# €100 interest back on €6000



## Olly64 (5 Apr 2007)

I have just received interest of €100 on €6000 for one year in the AIB internet regular saving account, it says annual return of 4.25% which should yeild €255, i had no withdrawals, should i contact the bank or is this correct, is there a better place for my €6000?


----------



## Howitzer (5 Apr 2007)

This is a common misconception with regular savings accounts. Assuming you've made 12 deposits into this account over the course of a year at monthly intervals then only the first monthly deposit attracts interest of 4.25%. The next one attracts interest of 11/12 ths of 4.25%, and so on. On average your payments receive interest of 4.25% / 2 = 2.125%.

Interest owed = 127.5

Also I suspect the interest rate at the start of the year WASN'T 4.25%, it was closer to 3% since the ECB has been raising rates over the course of the last year. This explains why you got 100 instead of ~127.


----------



## demoivre (5 Apr 2007)

If it was a regular savings account you wouldn't have had the 6k on deposit for the full year though - how much were you saving each month?


----------



## asdfg (5 Apr 2007)

> Interest owed = 127.5


 
Less Dirt @ 20%


----------



## Howitzer (5 Apr 2007)

asdfg said:


> Less Dirt @ 20%


 
Bingo.


----------



## ClubMan (5 Apr 2007)

As per _Howitzer's _post above use this calculator to see what actual interest you will earn on regular savings to an account offering a specific _CAR_.


----------



## oldtimer (5 Apr 2007)

I received mine also, €90 on a slightly lower amount, and when I saw it was very disappointed. Worked it out (quite difficult) and it appears to be correct. Howitzer is correct - must bear in mind the 1/12 calculation and interest was lower. You are calculating it as if the whole €6000 was on deposit for full 12 months @ 4.50% and you are also forgetting DIRT. Also remember these personal plan accounts pay the interest *twice* a year in April *and October*. To answer Demoivre, I presume it is a personal saving plan account with AIB i.e. up to €1000 per month for 5 years with bonus interest if withdrawals within terms and conditions. It sounds like a regular saver account but is not. Best to leave it alone - it is now earning 4.50% and if you keep within the withdrawal guidelines you will earn an added interest bonus. You will notice quite an increase with next dividend in October.


----------



## ClubMan (5 Apr 2007)

oldtimer said:


> Best to leave it alone - it is now earning 4.50% and if you keep within the withdrawal guidelines you will earn an added interest bonus.

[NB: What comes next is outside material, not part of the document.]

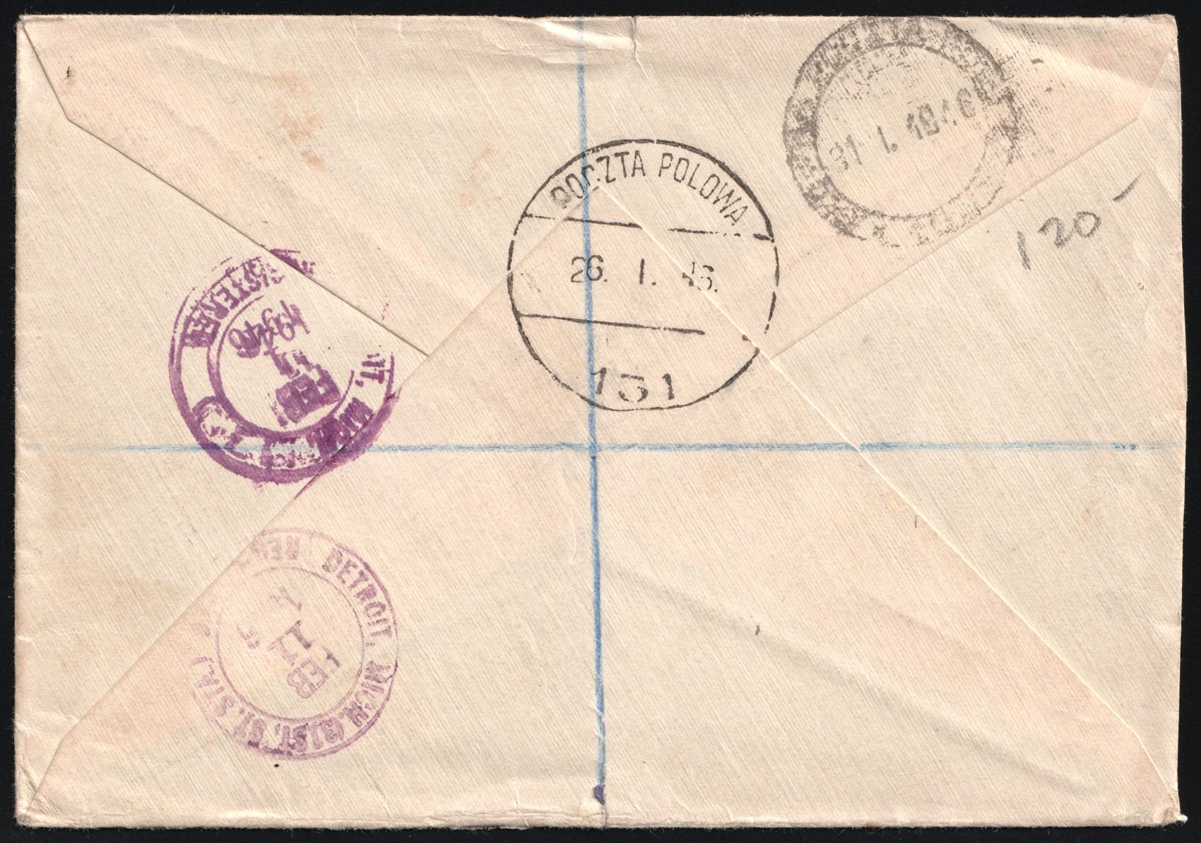 2096 image1946 (26 Jan) Great Britain, Registered Airmail Military Field Post Cover to Detroit (United States), franked with 3d and 10d. Light creases and small tears. | Stanley Gibbons 467, 474 (Image 1) (Image 2)

You can get 5% gross _CAR _on demand deposits up to €10K with _Rabo_ with no strings attached.


----------



## Olly64 (5 Apr 2007)

thanks lads and lasses, that explains it, i suppose id better leave it there, i was saving different amounts each month but it never dawned on me that its only calulated on what was in it from the start and so on and so on.


----------



## oldtimer (5 Apr 2007)

Clubman is correct but bear in mind the positive side of this account. In the first year, if withdrawals kept to two, the interest is 4.50% plus 10% of that = 4.95%. In second year the added bonus is 20% of interest rate and so on to year 5 when interest bonus is 50% of rate at that time. Now that poster has started and assuming intends to continue I think it better to stay with this account.


----------



## Nemesis (5 Apr 2007)

*Re: €100 interest back on €6000*

Plus Rabo are only guaranteeing the 5% until the end of the year and I'd be surprised if they keep it at that going forward into next year (unless perhaps the ECB rate goes up substantially in the meantime).


----------



## sherib (5 Apr 2007)

> Originally Posted by *Howitzer*
> _This is a common misconception with regular savings accounts.
> On average your payments receive interest of 4.25% / 2 = 2.125% _


Thanks - that's a very clear explanation of how these savings rates work. So these 'great' savings rates of ~ 7% are in reality half that in real terms. Does that mean that in the second year 7% is paid on the full first years savings or whatever the rate will be then (probably much less)? 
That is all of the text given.